Higher AI-ECG LVSD predictions were associated with worse GLS (−18% [IQR:-20 to −17%] for predictions<0.1, to −12% [IQR:-15 to −9%] for ≥0.5 ( p <0.001)). In 1,308 patients receiving AC/TZM (age 59 [IQR:49-67] years, 999 [76.4%] women, 80 [IQR:42-115] follow-up months) a positive baseline AI-ECG LVSD screen was associated with ∼2-fold and ∼4.8-fold increase in the incidence of the composite CTRCD endpoint (adj.HR 2.22 [95%CI:1.63-3.02]), and LVEF<40% (adj.HR 4.76 [95%CI:2.62-8.66]), respectively. Among 2,056 patients receiving ICI (age 65 [IQR:57-73] years, 913 [44.4%] women, follow-up 63 [IQR:28-99] months) AI-ECG predictions were not associated with ICI myocarditis (adj.HR 1.36 [95%CI:0.47-3.93]).

Conclusion

AI applied to baseline ECG images can stratify the risk of CTRCD associated with anthracycline or trastuzumab exposure.

CONDENSED ABSTRACT

There is an unmet need for scalable and affordable biomarkers to stratify the risk of cancer therapeutics-related cardiac dysfunction (CTRCD).

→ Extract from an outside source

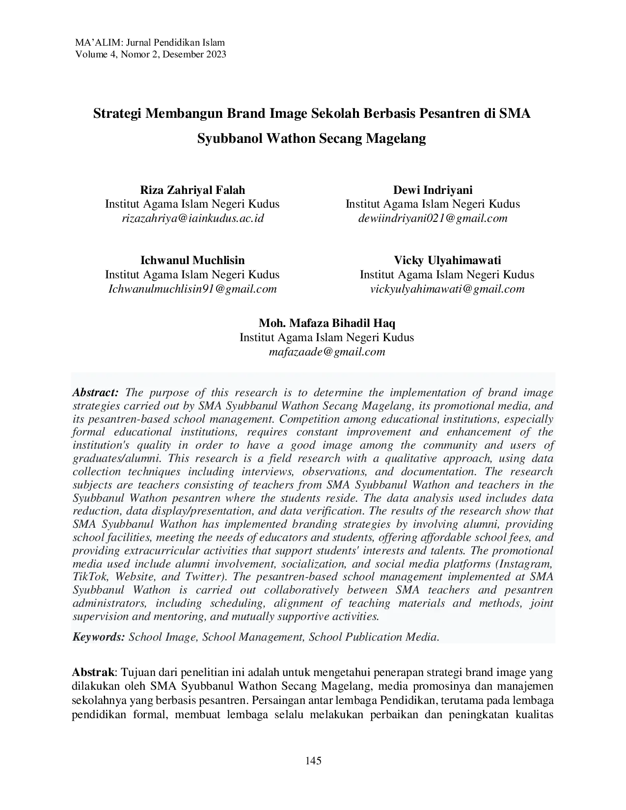 MA'ALIM: Jurnal Pendidikan IslamMA'ALIM: Jurnal Pendidikan IslamTujuan dari penelitian ini adalah untuk mengetahui penerapan strategi brand image yang dilakukan oleh SMA Syubbanul Wathon Secang Magelang, media promosinya dan manajemen sekolahnya yang berbasis pesantren. Persaingan antar lembaga Pendidikan, terutama pada lembaga pendidikan formal, membuat lembaga selalu melakukan perbaikan dan peningkatan kualitas lembaga, untuk memiliki image yang baik dikalangan masyarakat dan pengguna lulusan/alumni. Penelitian ini merupakan penelitian lapangan dengan pendekatan kualiltatif dengan teknik pengumpulan data meliputi wawancara, observasi, dan dokumentasi. Subjek penelitian dalah guru yang terdiri dari dari guru SMA Syubbanul Wathon dan guru di lingkungan pesantren Syubbanul Wathon tempat siswa tinggal. Analisis data yang digunakan berupa reduksi data, display/penyajian data, dan verifikasi data. Hasil penelitian menunjukkan bahwa SMA Syubbanol Wathon sudah menerapkan strategi branding dengan cara menggunakan peran alumni,melengkapi fasilitas sekolah,memenuhi SDM pendidik maupun peserta didik,biaya sekolah yang terjangkau dan adanya kegiatan ekstrakulikuler yang menunjang minat bakat siswa. Media publikasinya menggunakan peran alumni,sosialiasasi dan media sosial (Instagram,Tiktok,Website dan Twitter). Manajemen sekolah berbasis pesantren yang dilaksanakan di SMA Syubbanul Wathon dilaksanakan secara kolaboratif antara guru SMA dan pengurus pesantren dengan bentuk penataan jadwal, penyelarasan materi dan metode pembelajaran, pengawasan dan pembinaan secara bersama-sama, dan bentuk kegiatan yang saling menunjang.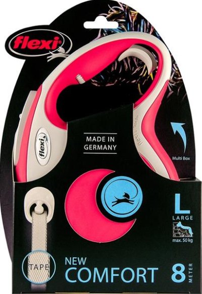 Dokonale navrhnuté dvojfarebné vodítko Vás upúta na prvý pohľad. New Comfort ponúka všetky funkcie, ktoré potrebujete a preto si ho čoskoro zamilujete! Vylepšený brzdový systém s krátkym zdvihom umožňuje viac kontroly, ergonomické držadlo je nastaviteľné podľa veľkosti ruky (od veľkosti M). Možno pridať aj Multi Box na ukladanie maškrty či sáčkov (od veľkosti S). Rodinná firma flexi vyrába výhradne na území Nemecka. V závode v Bargteheide pri Hamburgu vzniká všetko, počnúc návrhom až po výrobu vysoko kvalitných vodítok – Made in Germany. Firma flexi je vynálezcom samonavíjacieho vodítka a jednotkou na svetovom trhu, exportuje do viac ako 90 krajín sveta. Originálne samonavíjacie vodítka flexi sa vyznačujú patentovaným, po technickej stránke najmodernejším pružinovým systémom a komfortným ovládaním. Sú vyrábané z vysoko kvalitných materiálov, exkluzívne manuálne spracované a zostavené. Vodítka prechádzajú pred expedíciou mnohými kontrolami kvality. Veľkosť: L – vhodné pre psy s hmotnosťou do 60 kg. Typ vodítka: Navíjací – opasok. Dĺžka opasku/lanka: 8 m Farba: červená

In this hospital system-based, decade-long cohort of patients without cardiomyopathy receiving anthracyclines or trastuzumab, a validated artificial intelligence algorithm applied to baseline electrocardiographic (AI-ECG) images identified individuals with a 2-fold and 4.8-fold risk of developing any cardiomyopathy or left ventricular ejection fraction <40%, respectively. This supports a role for AI-ECG interpretation of images as a scalable approach for the baseline risk stratification of patients initiating cardiotoxic chemotherapy.